Leave out the pictures, then return the records word for word.

** Opening EXTRACTED ENTRIES block **

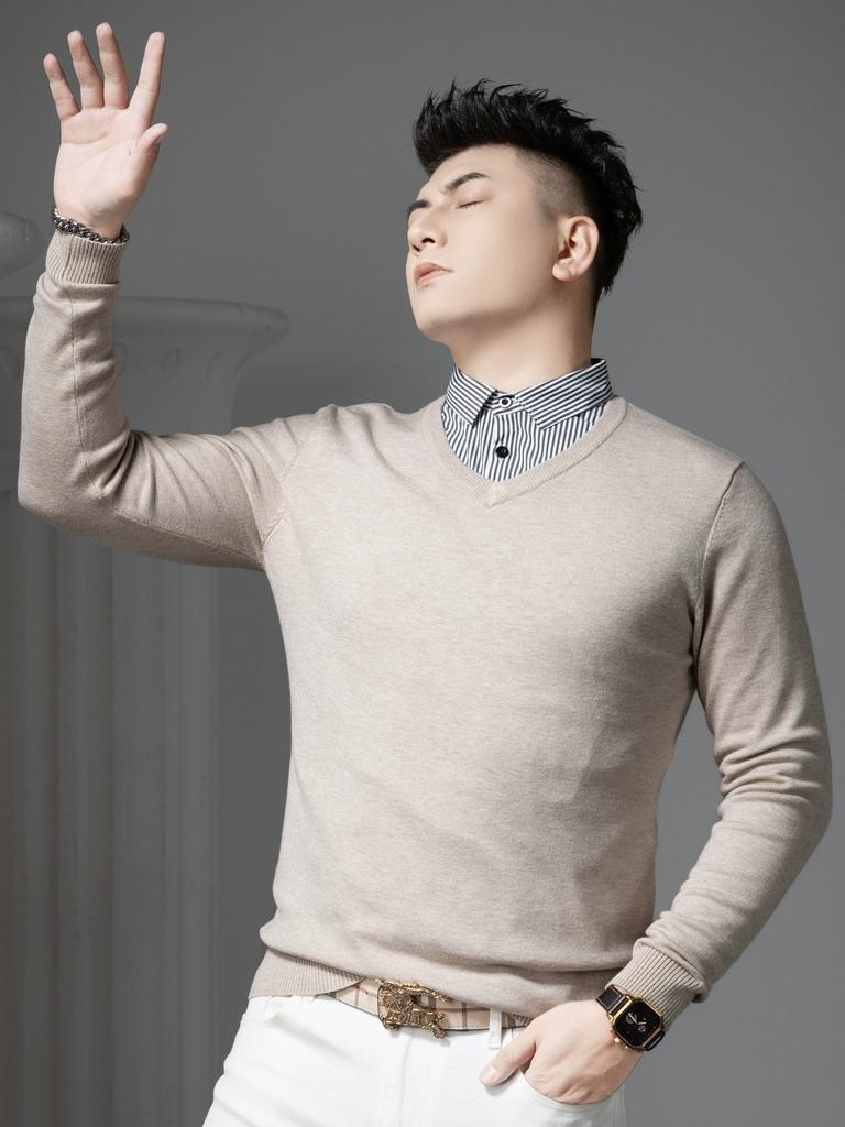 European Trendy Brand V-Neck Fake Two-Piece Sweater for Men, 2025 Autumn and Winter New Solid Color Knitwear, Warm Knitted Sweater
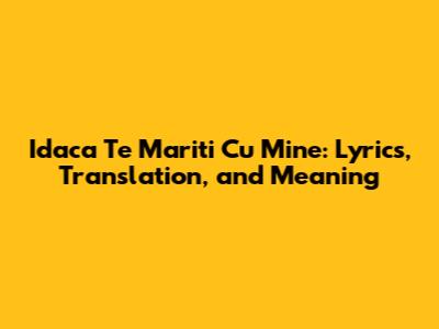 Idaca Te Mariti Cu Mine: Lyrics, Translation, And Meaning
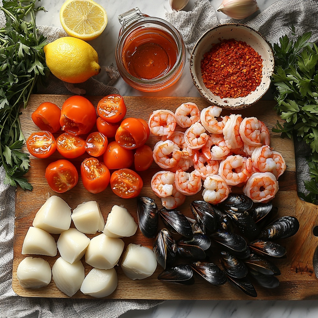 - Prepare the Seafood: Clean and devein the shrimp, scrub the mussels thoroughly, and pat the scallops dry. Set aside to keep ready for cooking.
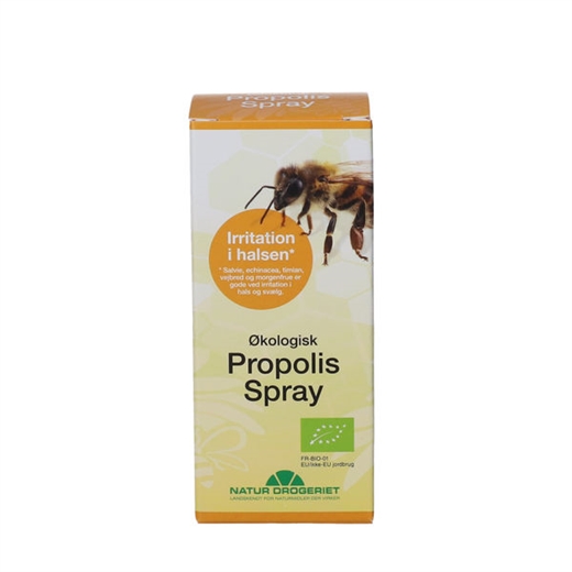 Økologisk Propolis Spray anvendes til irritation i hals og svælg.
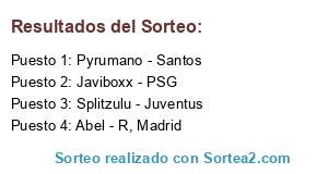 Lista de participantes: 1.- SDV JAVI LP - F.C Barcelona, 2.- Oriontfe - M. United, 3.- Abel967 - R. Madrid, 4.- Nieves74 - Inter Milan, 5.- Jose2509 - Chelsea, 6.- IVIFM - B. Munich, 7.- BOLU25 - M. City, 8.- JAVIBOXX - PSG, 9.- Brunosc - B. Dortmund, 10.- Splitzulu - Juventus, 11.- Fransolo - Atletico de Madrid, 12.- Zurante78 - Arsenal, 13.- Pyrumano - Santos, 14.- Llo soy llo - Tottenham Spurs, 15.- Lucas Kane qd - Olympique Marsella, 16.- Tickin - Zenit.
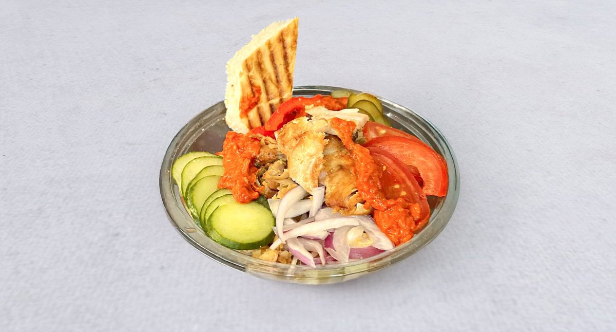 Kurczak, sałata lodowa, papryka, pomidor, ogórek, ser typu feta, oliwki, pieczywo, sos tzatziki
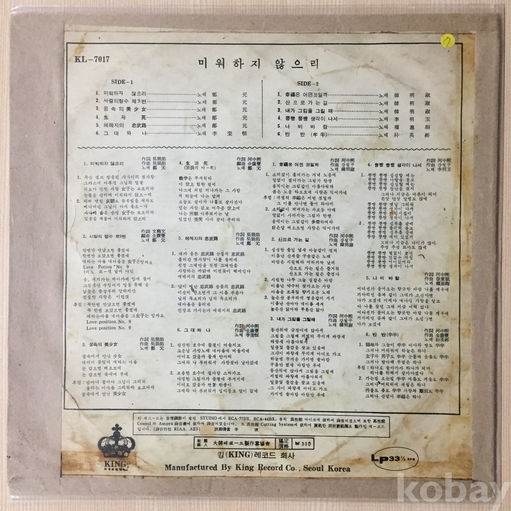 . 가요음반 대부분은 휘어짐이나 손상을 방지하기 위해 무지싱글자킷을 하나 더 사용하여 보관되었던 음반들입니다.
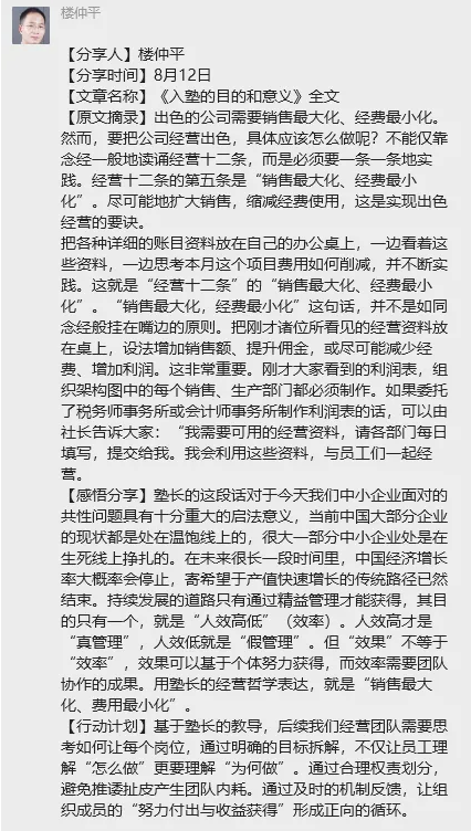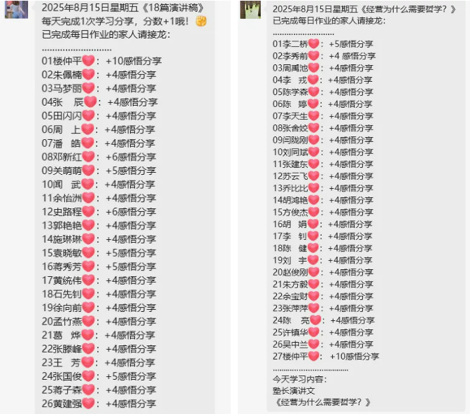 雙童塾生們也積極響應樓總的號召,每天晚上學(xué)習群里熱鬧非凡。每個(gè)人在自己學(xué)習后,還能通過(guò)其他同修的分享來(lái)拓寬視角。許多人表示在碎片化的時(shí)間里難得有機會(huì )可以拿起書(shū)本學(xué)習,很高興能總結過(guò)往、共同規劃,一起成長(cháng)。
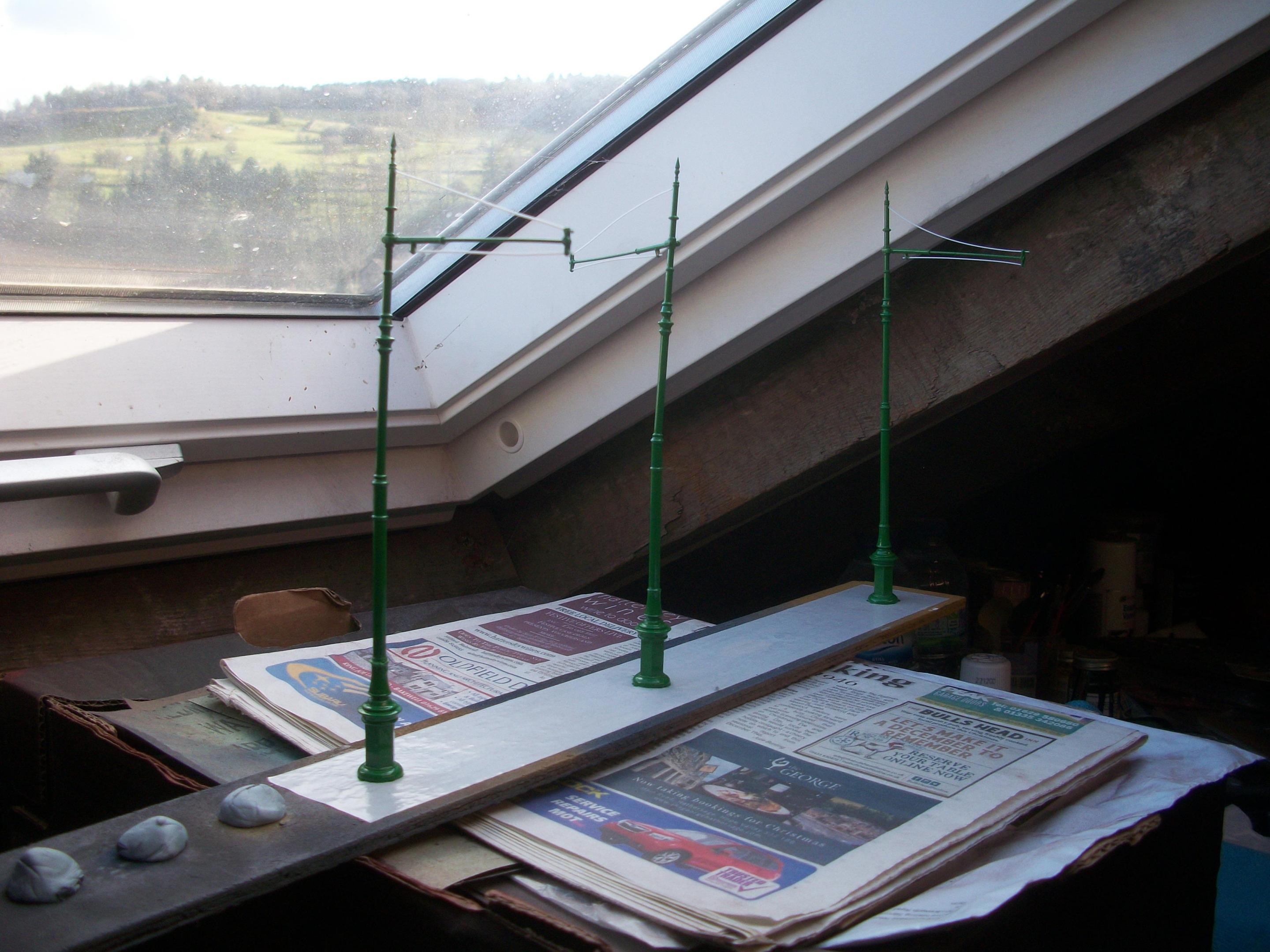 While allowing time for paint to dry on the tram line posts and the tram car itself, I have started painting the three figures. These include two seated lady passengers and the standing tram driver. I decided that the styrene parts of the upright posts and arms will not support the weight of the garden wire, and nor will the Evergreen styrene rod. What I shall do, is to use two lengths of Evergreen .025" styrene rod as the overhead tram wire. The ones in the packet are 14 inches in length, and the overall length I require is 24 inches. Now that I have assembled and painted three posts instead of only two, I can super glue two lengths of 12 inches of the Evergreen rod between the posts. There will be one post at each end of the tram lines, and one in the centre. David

** Closing EXTRACTED ENTRIES block **

* **SOLUTION BELOW**
 European Trendy Brand V-Neck Fake Two-Piece Sweater for Men, 2025 Autumn and Winter New Solid Color Knitwear, Warm Knitted Sweater
 Idaca Te Mariti Cu Mine: Lyrics, Translation, And Meaning
 - Prepare the Seafood: Clean and devein the shrimp, scrub the mussels thoroughly, and pat the scallops dry. Set aside to keep ready for cooking.
 Økologisk Propolis Spray anvendes til irritation i hals og svælg.
 Lista de participantes: 1.- SDV JAVI LP - F.C Barcelona, 2.- Oriontfe - M. United, 3.- Abel967 - R. Madrid, 4.- Nieves74 - Inter Milan, 5.- Jose2509 - Chelsea, 6.- IVIFM - B. Munich, 7.- BOLU25 - M. City, 8.- JAVIBOXX - PSG, 9.- Brunosc - B. Dortmund, 10.- Splitzulu - Juventus, 11.- Fransolo - Atletico de Madrid, 12.- Zurante78 - Arsenal, 13.- Pyrumano - Santos, 14.- Llo soy llo - Tottenham Spurs, 15.- Lucas Kane qd - Olympique Marsella, 16.- Tickin - Zenit.
 Kurczak, sałata lodowa, papryka, pomidor, ogórek, ser typu feta, oliwki, pieczywo, sos tzatziki
 . 가요음반 대부분은 휘어짐이나 손상을 방지하기 위해 무지싱글자킷을 하나 더 사용하여 보관되었던 음반들입니다.
 雙童塾生們也積極響應樓總的號召,每天晚上學(xué)習群里熱鬧非凡。每個(gè)人在自己學(xué)習后,還能通過(guò)其他同修的分享來(lái)拓寬視角。許多人表示在碎片化的時(shí)間里難得有機會(huì )可以拿起書(shū)本學(xué)習,很高興能總結過(guò)往、共同規劃,一起成長(cháng)。
 While allowing time for paint to dry on the tram line posts and the tram car itself, I have started painting the three figures. These include two seated lady passengers and the standing tram driver. I decided that the styrene parts of the upright posts and arms will not support the weight of the garden wire, and nor will the Evergreen styrene rod. What I shall do, is to use two lengths of Evergreen .025" styrene rod as the overhead tram wire. The ones in the packet are 14 inches in length, and the overall length I require is 24 inches. Now that I have assembled and painted three posts instead of only two, I can super glue two lengths of 12 inches of the Evergreen rod between the posts. There will be one post at each end of the tram lines, and one in the centre. David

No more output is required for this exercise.